Douglass knew that the end of the Civil War was only the beginning of a new phase in the fight for equal rights for POC. He probably never realized just how long and hard fought this second battle would be. We'll never know what would have happened if Lincoln had lived, but Andrew Johnson was a southerner that sympathized with the confederacy and hated Blacks.  And Douglass knew that the effects of slavery on his people could last for generations without a concerted effort to help ex-slaves learn to live as free people.


Douglass was a brillent orator and writer. He was a rock star of his day, filling hall after hall with rapturous crowds, meeting with the highest government officials, including presidents. Its surprising to me just how important and significant he was back then, and how little I knew about him before I started reading this book.

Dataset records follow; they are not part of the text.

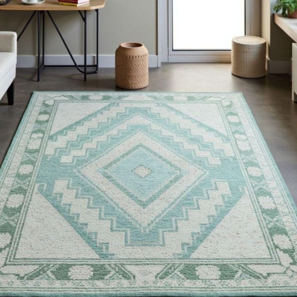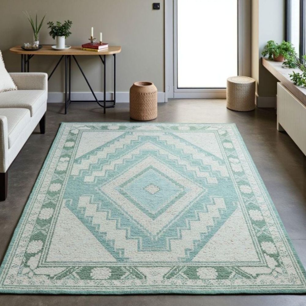 Hand-Knotted Geometric Wool Rug Modern Tribal Design in Aqua & Ivory Bring elegance and warmth to your home with this beautifully hand-knotted rug, crafted with timeless artistry and durable quality. Details & Features: Type: Hand-Knotted Rug (Not Flatweave) Design: Geometric Diamond & Tribal Border Colors: Soft Aqua / Teal & Ivory (natural tones, easy to style) Material: Premium Wool & Cotton Foundation Durability: Made to last for generations with fine knotting techniques Feel: Soft underfoot with a natural, cozy texture Use: Ideal for modern, bohemian, coastal, or minimalist interiors Why Youll Love It: 100% Handcrafted by skilled artisans Each piece is uniqueno two rugs are ever the same Eco-friendly, sustainable, and made from natural fibers Adds warmth, charm, and character to any space Care Instructions: Vacuum regularly (without beater bar) Spot clean with mild detergent Professional rug cleaning recommended for longevity As it Appears Pack of One Piece.
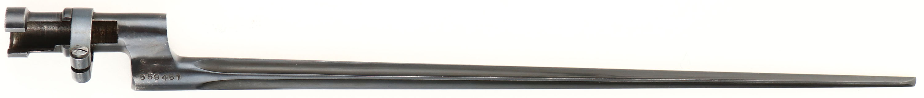 Remington, Model: M1891 Mosin, Cal: 7.62x54mmR, MFG: 1917, S/N: 572170, Bolt action rifle, 31 1/2'' barrel. The straight wrist walnut stock is very good as being lightly sanded & oiled. Stock has small nicks, dings, dents, & scratches. The right cheek of stock is marked with a lightly faded, Russian eagle Remington stock cartouche, indicating this is the original Remington stock. The bottom of the stock, Infront of the magazine, is marked with a faded flaming bomb over ''US'', US property mark. The metal has been re-blued & rates 85% on the barrel with spots wear & thinning. The receiver rates 80% with spots of thinning & brown patina. The top of the receive band is marked with a Russian imperial eagle over a Cyrillic ''P''. The top of the barrel is marked with a half buffed Russian eagle, ''REMINGTON'', ''ARMORY'', ''1917'', ''NO'', & the S/N. all parts are S/N matching, some S/N faint from cleaning. The bore is very good. Its bright with strong rifling, but has light roughness. The barrel holds a barleycorn front sight with a Konovalov rear sight. The stock carries a steel buttplate, toned brown with patina. Has both sling wells. Rifle has cleaning rod. Comes with correct Remington M1891 bayonet. FFL or C&R Req.
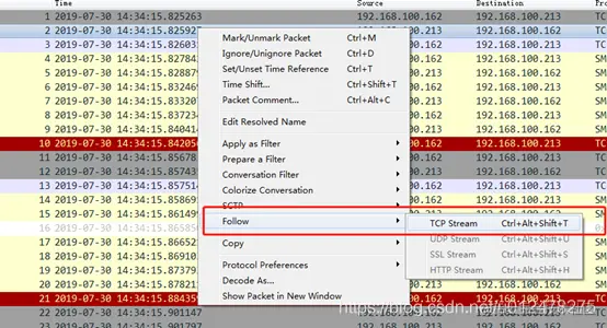 4.2、查看tcp数据流,并保存
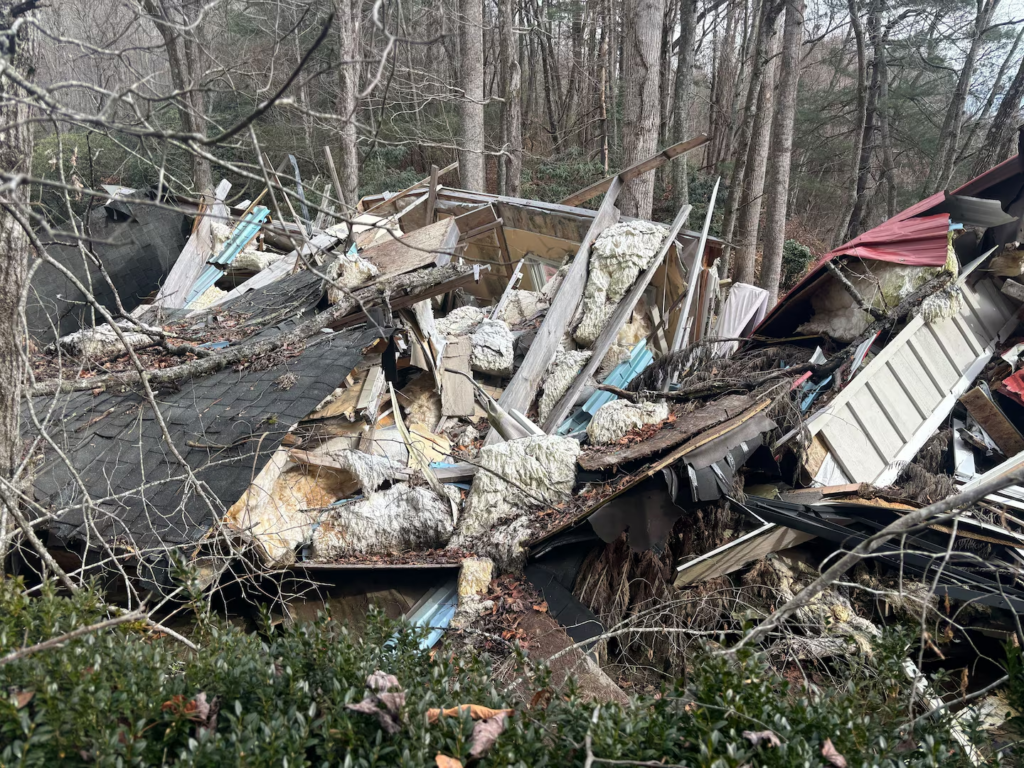 Steve and Carey Hayo’s home outside Hendersonville, North Carolina, was destroyed by a landslide during Hurricane Helene in September 2024. (Brady Dennis/The Washington Post)
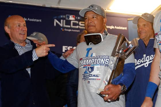 WS進出を祝うドジャースのデーブ・ロバーツ監督(中央)【写真:Getty Images】
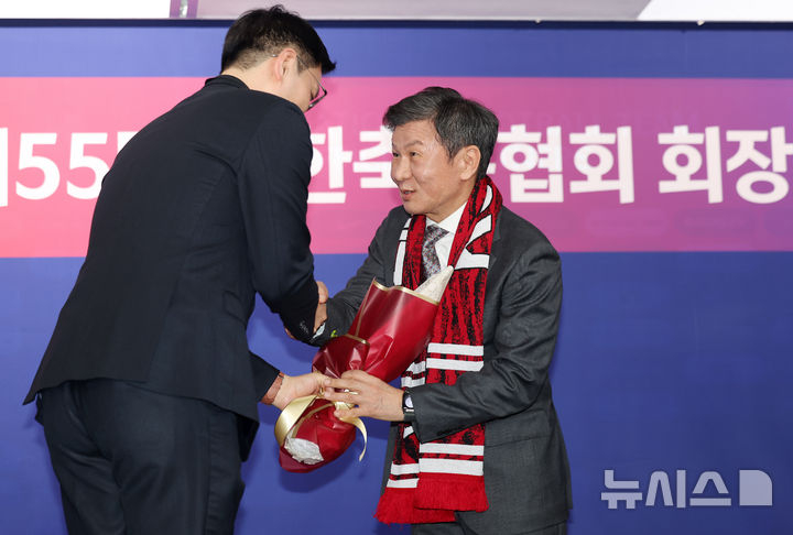 정몽규 대한축구협회장이 지난 2월 26일 서울 종로구 축구회관에서 열린 제55대 대한축구협회장 선거에서 당선 후 꽃다발을 받고 있다. /사진=뉴시스
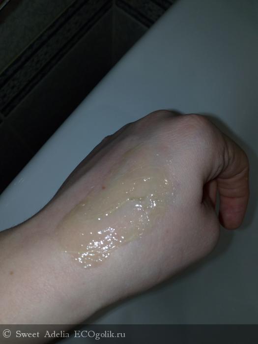Но,казалось бы,масляный вид геля,который после контакта с водой,превращает в молочко,должен увлажнять,но он наоборот - подсушивает.Не сильно,кожу не стягивает,но все равно не приятно.
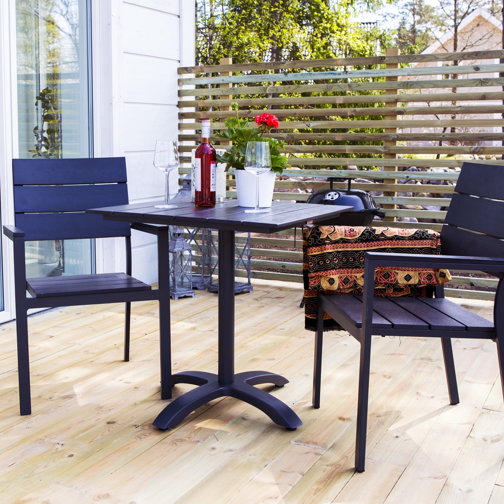 Ett harmoniskt cafébord för sommarens måltider! Colorado är ett klassiskt kvadratiskt matbord i nätt design och storlek. Bordet är tillverkat i svart slitstarkt aluminium och aintwood, vilket gör att det lämpar sig perfekt för utomhusbruk. Matcha med ett par snygga matstolar så är fikastunden i sommar räddad! Mått: 70x70 cm.
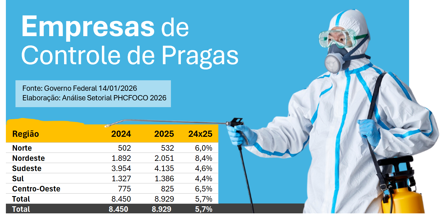 ANÁLISE /EPA A análise regional dos dados entre 2024 e 2025 indica um crescimento nacional de 5,7% no número de empresas de controle de pragas, passando de 8.450 para 8.929.
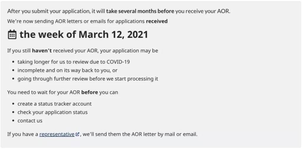 目前,加拿大移民局官網顯示,當前正在發放2021年3月12日當周收到申請的確認信(AOR)。
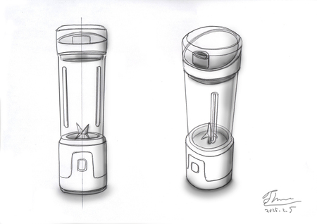パワフルで持ち運びやすく、アクティブで質実剛健なイメージをデザインコンセプトに掲げて、いくつものデザイン案を考案しました。コードレスタンブラーミキサーはコンセントの無いキッチンでも重宝されるため、キッチンでの使用シーンも想定し、質実剛健なジャーマンデザインの要素も取り入れました。

Its shameful that I could have been taught about the Civil War in High School without his name ever coming up. That's a product of racism right there. We could learn about John Brown's aborted attack at Harper's Ferry and the attack at Fort Sumter, but not about the fiery speeches given by Douglass. I can look back now and see how our education was subtly twisted to keep white supremacy on top. 


I know I have a long way to go in my "re-education". Like everyone, I battle my own personal prejudices and assumptions. Reading about someone like Douglass is a start, at least. Now when he gets mentioned in passing I will know the reference and will understand its significance. I'm glad I'm taking the time to plow through this book. Its changing me, page by page.